# 8Mm Spring Bars Needed - But Thinner Than Normal?



## Davey P (Sep 9, 2010)

Just a silly little thing, I need a pair of spring bars for a ladies Seiko watch with 8mm lug width, and the ones I've got are too fat. Does anyone know where to source thinner than normal spring bars, or has anyone out there got a couple I can buy?

The watch in question is this one:










And the problem is the small diameter on the end of the bracelet, as shown here:










I will be selling this one on ebay, so it has no sentimental value, but I'd like to get it properly sorted prior to sale anyway.

Thanks in advance for any help :thumbup:


----------



## scottswatches (Sep 22, 2009)

what diameter do you need. I have some at 1.5mm thick if that helps?


----------



## Davey P (Sep 9, 2010)

Thanks mate, but I think 1.5mm is the same as the ones I already have, and they are just too wide to squeeze through the hole. I am looking for something a bit thinner, maybe 1mm or very slightly less. The ones fitted to the watch are fine, but I broke one (or rather, it fell apart when I took it out - Sounds better!) and the other one looks slightly bent as well. I'd rather replace them both with new ones if I can find some that fit.

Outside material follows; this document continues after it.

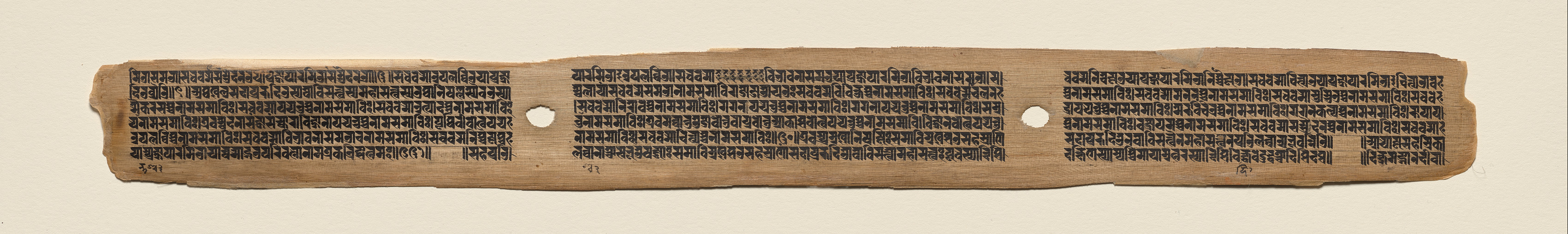 A long, narrow, horizontal piece of aged, light brown paper with uneven edges. The paper has two holes, one near the center and one to the right of center. The surface of the paper contains many lines of small, black, written text. The text is arranged in three columns with a hole in the center of each column. The background behind the paper is a solid, light beige color.

Cheers for the offer though, much appreciated as always.


----------



## scottswatches (Sep 22, 2009)

no chance of slightly tweaky the ends to take the 1.5mm ones? :cowboy: :hammer:


----------



## Davey P (Sep 9, 2010)

That will be my next move mate.... Although I think I can guess what is going to happen.... :lol:


----------



## Omegamaniac (Jan 21, 2009)

Ease the centre sleeve open and you will be able to get a larger diameter pin in


----------



## mel (Dec 6, 2006)

PM me a postal addy, I may be able to help? But can't look till tomorrow.

:weed:


----------



## Davey P (Sep 9, 2010)

Cheers Mel, I'll PM you in a minute, nice one :thumbup:


----------